Hydraulic press and baled cans prepared for transport

Advantages

Aluminium is an infinitely recyclable material, and it takes up to 95 percent less energy to recycle it than to produce primary aluminum, which also limits emissions, including greenhouse gases. Today, about 75 percent of all aluminum produced in history, nearly a billion tons, is still in use.^[13]

The recycling of aluminium generally produces significant cost savings over the production of new aluminium, even when the cost of collection, separation and recycling are taken into account.^[14] Over the long term, even larger national savings are made when the reduction in the capital costs associated with landfills, mines, and international shipping of raw aluminium are considered.

Energy savings

Recycling aluminium uses about 5% of the energy required to create aluminium from bauxite;^{[15][better source needed]} the amount of energy required to convert aluminium oxide into aluminium can be vividly seen when the process is reversed during the combustion of thermite or ammonium perchlorate composite propellant.

Aluminium die extrusion is a specific way of getting reusable material from aluminium scraps but does not require a large energy output of a melting process.
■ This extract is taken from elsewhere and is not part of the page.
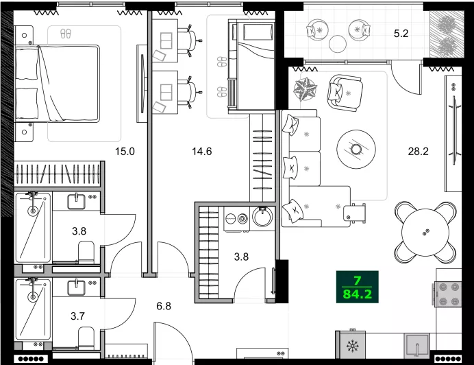 The development offers a range of amenities aimed at enhancing the quality of life for its residents. These include four heated swimming pools, a fitness center, yoga and dance studios, gymnastics halls, and various workout areas around the complex. Safety is a top priority, with 24/7 video surveillance, high-speed OTIS elevators, and comprehensive security measures in place.

In 2003, half of the products manufactured with aluminium were sourced from recycled aluminium material.^[16]

Environmental savings

The benefit with respect to emissions of carbon dioxide depends in part on the type of energy used. Electrolysis can be done using electricity from non-fossil-fuel sources, such as nuclear, geothermal, hydroelectric, or solar. Aluminium production is attracted to sources of cheap electricity. Canada, Brazil, Norway, and Venezuela have 61 to 99% hydroelectric power and are major aluminium producers. However the anodes widely used in the Hall–Héroult process are made of carbon and are consumed during aluminum production, generating large quantities of carbon dioxide, regardless of electricity source.^[17] Efforts are underway to eliminate the need for carbon anodes.^[18] The use of recycled aluminium also decreases the need for mining and refining bauxite.

The vast amount of aluminium used means that even small percentage losses are large expenses, so the flow of material is well monitored and accounted for financial reasons. Efficient production and recycling benefits the environment as well.^[19]

Impact

Environmental

Because many countries continue to rely on coal-generated electricity for aluminium production, the aluminium industry contributes to 2% of global greenhouse gas emissions, around 1.1 billion tons of carbon dioxide^[20]. Many countries now seek to decarbonize aluminium not only as it is the second most used metal in the world, but also because it would heavily address the total greenhouse gas emissions in an effort to slow climate change^[21].

As one of the most recyclable –and recycled– materials in use today, aluminium can be virtually infinitely recycled. Since recycled aluminium takes 5% of the energy used to make new aluminium, around 75% of aluminium manufactured continues to be in use today. According to the Aluminium Association, in industrial markets such as automotive and building, aluminium is recycled at rates of up to 90%.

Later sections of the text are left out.